Discussion
Our results demonstrate that the intrinsic limitations of phenological
data derived from herbarium collections—assuming other forms of bias
are not pervasive—do not preclude the development of accurate
phenoclimate models capable of predicting the timing of population-level
flowering onset or termination, and are only slightly less accurate than
predictions of median flowering date. Further, the accuracies of these
models are not likely to be closely tied to the magnitude of
phenological variation among individuals of a species, and can be
produced with similar quantities of data as more traditional models of
mean flowering phenology (Park and Mazer 2018). However, this study does
identify several limitations to the prediction of population-level
flowering onset and termination DOYs from herbarium data that may impact
the reliability of such predictions.
First, our simulations demonstrate that the accuracy of specimen-derived
phenoclimate models can be highly sensitive to biases in collection
timing within populations (Fig. 4). The frequency with which such biases
occur is not well documented, although they are more likely to be
problematic among species that flower at the beginning or end of the
local growing season in temperate climates, as collection activity is
frequently lower during inter and other unfavorable conditions (Daru et
al. 2017). Additionally, collection activity may be reduced during the
early portion of the flowering display among the earliest-flowering
species, as relatively few species in a given location or region are
likely to be vegetatively or reproductively active during those periods.
Similarly, collection activity may be low during the later portions of
the flowering periods of some late-flowering species that flower after
the majority of species have ceased flowering or gone dormant. Thus,
predicted timings should be viewed with greater caution when modeling
the timing of flowering onset or termination among early spring or late
fall-flowering species.
Second, model predictions will likely be less accurate among
long-flowering species, as longer individual flowering durations were
consistently associated with lower model accuracy across simulated taxa.
Long flowering durations also amplify the deleterious effects of biases
towards collection of specimens from specific portions of individual
bloom displays, as longer individual flowering periods necessarily
increase the magnitude of temporal bias that can be introduced by
collector preference towards recently opened or nearly completed
flowers. Fortuitously, herbarium specimens most frequently have been
documented to exhibit biases towards collection proximate to peak
flowering DOY (Primack et al. 2004, Davis et al. 2015, Panchen et al.

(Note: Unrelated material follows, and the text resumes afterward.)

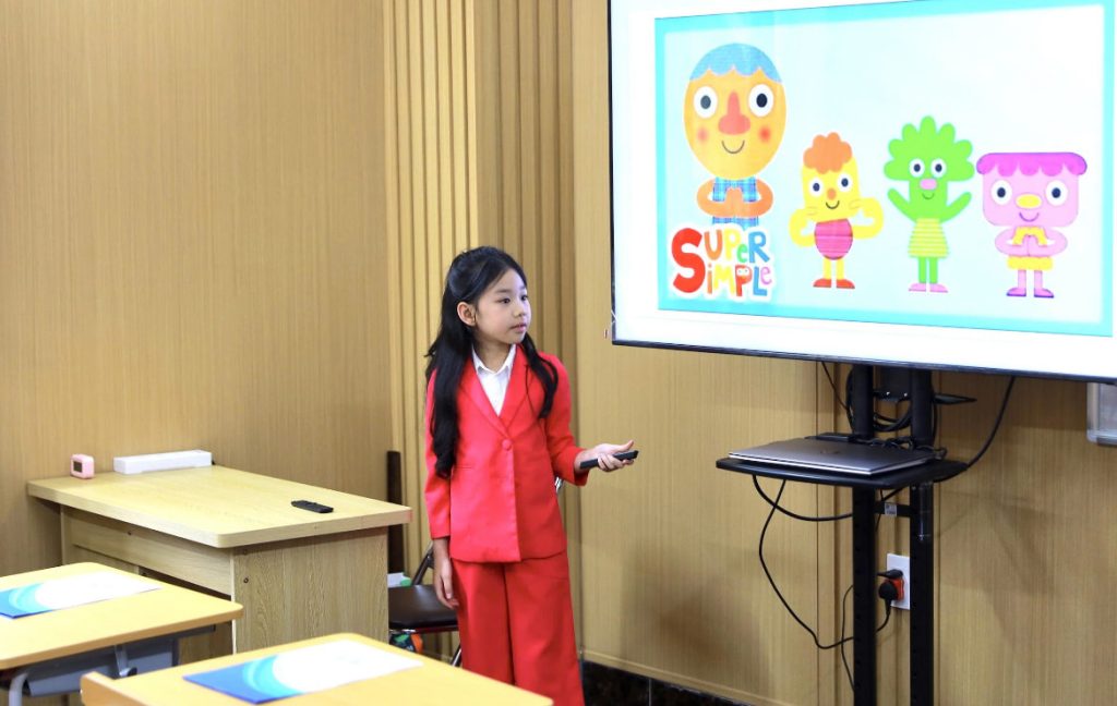 Học sinh tham gia ‘trợ giảng nhí’, trực tiếp đứng lớp dưới sự quan sát của giáo viên và phụ huynh, qua đó rèn phản xạ ngôn ngữ và sự chủ động

2019), which notably produced more accurate phenoclimate models of both
flowering onset and termination than unbiased collections, particularly
among long-flowering species. Thus, for species that exhibit charismatic
or notable peaks in their individual flowering displays, collector
biases may actually improve rather than hinder phenoclimate modeling
conducted using these methods.
Third, and finally, our study assumes that the climate stimuli to which
species exhibit phenological responses can be sufficiently captured by
available climate data to drive such models; thus, the magnitudes of
error presented here should also not be taken to represent expected
model accuracy when predicting phenological timings of real plant taxa,
as the simulations presented here corresponded to an ideal situation in
which all among-population variation in phenological timing could be
explained by a single climate variable. Under real-world conditions, we
may expect that some component of phenological variation will be
explained by aspects of local conditions that cannot be easily captured
using available climate data. Thus, our study demonstrates that
specimen-based phenological snapshots enable estimation of
population-level onsets and terminations despite noise and biases in the
timing of collection, but the accuracy of herbarium-based predictions in
actual plant populations will likely depend on i) the degree to which
available climate data capture the drivers of its phenological variation
over space and time, and ii) whether the most relevant climate factors
have been identified and incorporated into phenoclimatic models.
Consequently, phenological predictions of species that exhibit highly
stochastic phenological timing or are highly sensitive to variation in
aspects of the local environment that are not easily captured using
broad-scale gridded data are likely to be less accurate regardless of
what aspects of a given phenophase are being assessed. Similarly,
species that s exhibit spatial biases towards collection solely in
specific habitats or broad seasonal biases in collection effort are
likely to be less accurate. However, as many studies have indicated that
strong linear phenological responses can be captured from monthly,
seasonal, or annual temperature at moderate spatial resolutions
(Miller-Rushing et al. 2006, Gerst et al. 2017, Park and Mazer 2018),
this is unlikely to represent a major obstacle in modelling the
phenology of most plant species in temperate environments.